06 juillet 2014

17 janvier 1917, les états d’âme du poilu Taris


En fouillant une valise  dans laquelle un brocanteur bayonnais  dépose pêle-mêle vieux papiers et photographies, j'ai déniché cette lettre du 17 janvier 1917.
L'auteur de ce courrier , militaire dans la Somme ;Belloy-en-Santerre, Wiencourt ,écrit à son père, Armand  Taris ,domicilié à Sabres dans les Landes.
Page 1 de la lettre de Taris fils à son père _mon cher vieux_
Pages 2 et 3 de la lettre de Taris fils à son père
 ".... il a fait esquinter 150 hommes pendant toute une nuit polaire à approprier impeccablement un boyau pour le général Foch put passer sans éclabousser ses chaussures!"
Mon cher vieux, j'ai reçu hier au soir tes deux lettres du 13 et du 14.Tu ne t'en faisais pas, à l'instant précis où ton fils s'en faisait beaucoup,lui!

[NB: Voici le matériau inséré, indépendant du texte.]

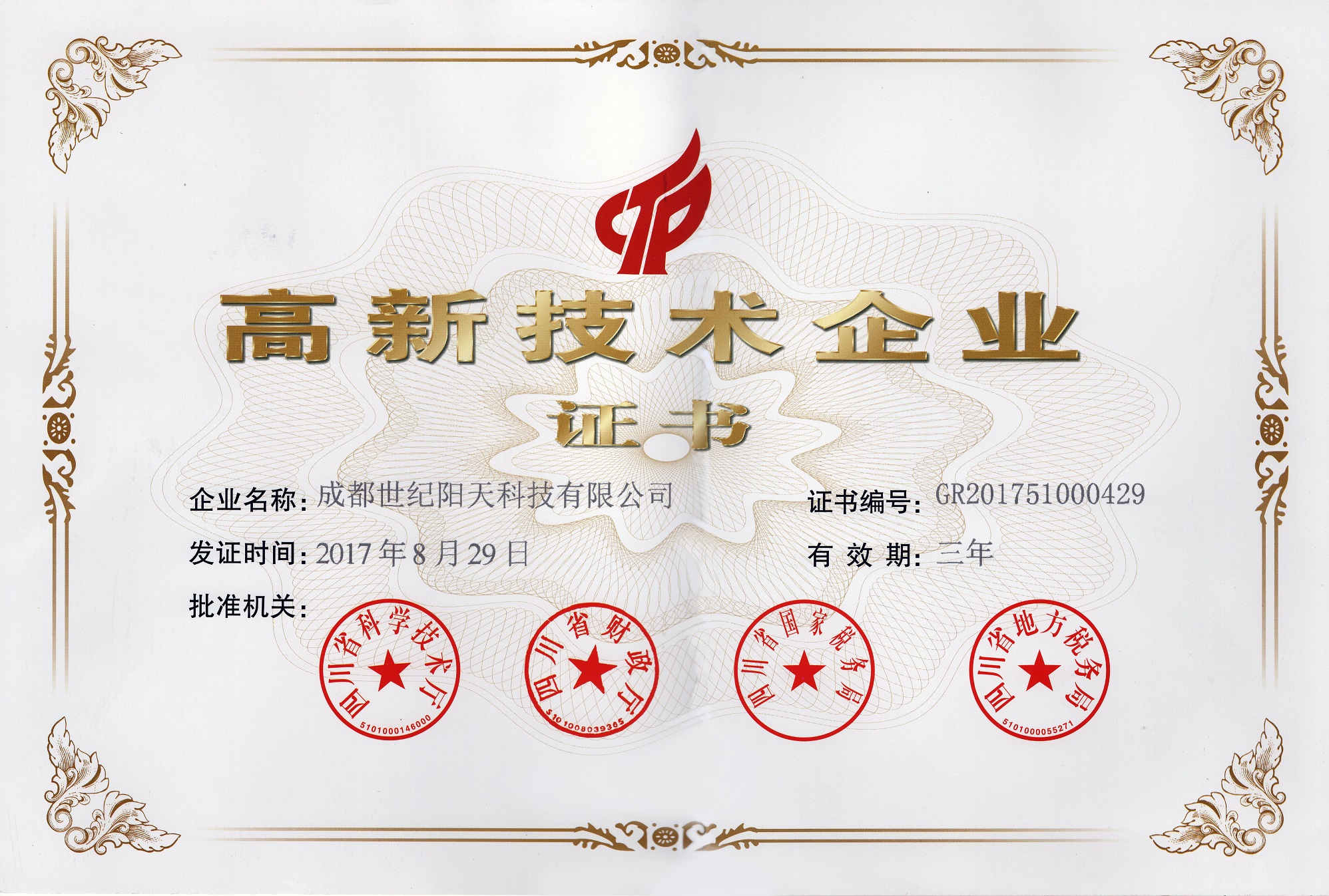 2017年,成都世紀陽天科技有限公司收到并積極響應由國家科學技術(shù)部、財政部、國家稅務總局頒發(fā)關(guān)于印發(fā)《高新技術(shù)企業(yè)認定管理辦法》的通知,依據(jù)《高新技術(shù)企業(yè)認定管理工作指引》的規(guī)定,經(jīng)過數(shù)月的籌備工作,并經(jīng)四川省科學技術(shù)廳、省財政廳、省國家稅務局及四川省地方稅務局專家的層層評審,最終順利喜獲“四川省高新技術(shù)企業(yè)證書”,證書編號為:GR201751000429。

Il n'était d'aucune fête ces jours-ci,pas même de _mot illisible_Nous avons été relevés hier au soir, après 7 jours de travaux d'une dureté extrême!Nous avons la boue,le froid,la pluie,les poux,les obus!Sans compter le travail inouï qu'on exige pour mettre le secteur en état.Il parait que MM.les anglais doivent venir nous relever à Pâques ou à la Trinité, alors il faut leur léguer un secteur impeccable!C'est pourquoi on fait rendre aux hommes le maximum de ce qu'ils peuvent donner !A ma pièce on a travaillé jusqu'à 20 heures par jour!Nous n'avions pas d'abri à l'épreuve des obus.Nous nous sommes mis de suite à en faire un, mais à moitié travail, il a plu au commandant de ne pas trouver cet ouvrage à son goût, et il nous a fait cesser!!Mais par contre il a fait esquinter 150 hommes pendant toute une nuit polaire à approprier impeccablement un boyau pour le général Foch put passer sans éclabousser ses chaussures!Trouves-tu pas avec moi que c'est  _mots illisibles_ sans protection car les projectiles par la fantaisie cruelle d'une vieille baderne idiote? Et qu'il faille s'échiner pour qu'une autre baderne plus haut placé encore ne risque pas de mouiller ses augustes pieds quand par un hasard inouï il vient un quart d'heure parmi nous ?Heureusement que le hasard, qui est intelligent parfois, nous a un peu vengés:comme le général Foch s'amenait dans le boyau escorté de notre colon,un obus boche leur est chié à proximité;notre colon a eu un œil arraché ,le visage q.q peu maquillé et sans doute le géné a dû avoir bien peur!Inutile de te dire que personne parmi les misérables ne plaint ces off supérieurs ou généraux quand ils écopent!Cela leur arrive si rarement ,et ils sont si heureux à la guerre,pendant que nous agonisons!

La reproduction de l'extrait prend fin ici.